He had many careers: farmer, storekeeper, township assessor, justice of the peace, and politician; but it was his military career that he was known for. In 1755 during the French and Indian War, he was major of the Massachusetts militia and charged with protecting the Massachusetts western frontier. By 1757 he was promoted to colonel. In 1762 he was in Shrewsbury with Samuel Adams and John Hancock on the taxation committee of Massachusetts Bay Colony and he became an outspoken critic of the British Parliament, leading to the dismissal of his military commission in 1767. In 1774 the entire third regiment resigned from British service and elected Ward general and commander in chief of the colonies militia.
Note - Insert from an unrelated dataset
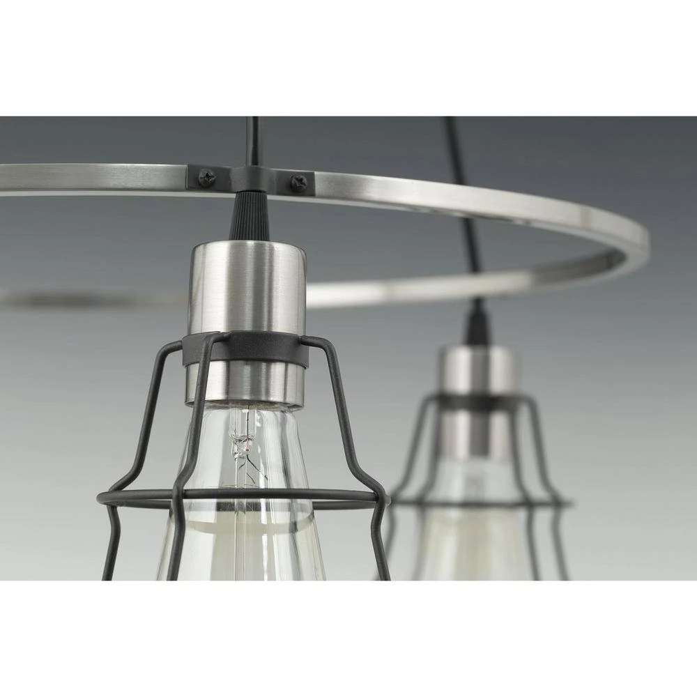Inspired by industrial elements, Gauge features an open cage design that’s both functional and aesthetically appealing. Multi-pendant is supplied with hoop frame to provide an element of customization. Frame is comprised of Graphite with Brushed Nickel accents.

After the battles of Lexington and Concord sparked the Revolutionary War in 1775 the militiamen trained to protect Boston. Ward ordered the forces to fortify the Bunker Hill area leading to the Battle of Bunker Hill. In June the Second Continental Congress created a Continental Army with four major generals – Ward, Charles Lee, Philip Schuyler and Israel Putnam, with Ward second in command to General George Washington.
Ward was plagued by ill health and resigned from the army in 1777. Ward remained in public service. He was a state court justice, state representative, Speaker of the Massachusetts House of Representative, a delegate to the Continental Congress, and ultimately a U.S. representative.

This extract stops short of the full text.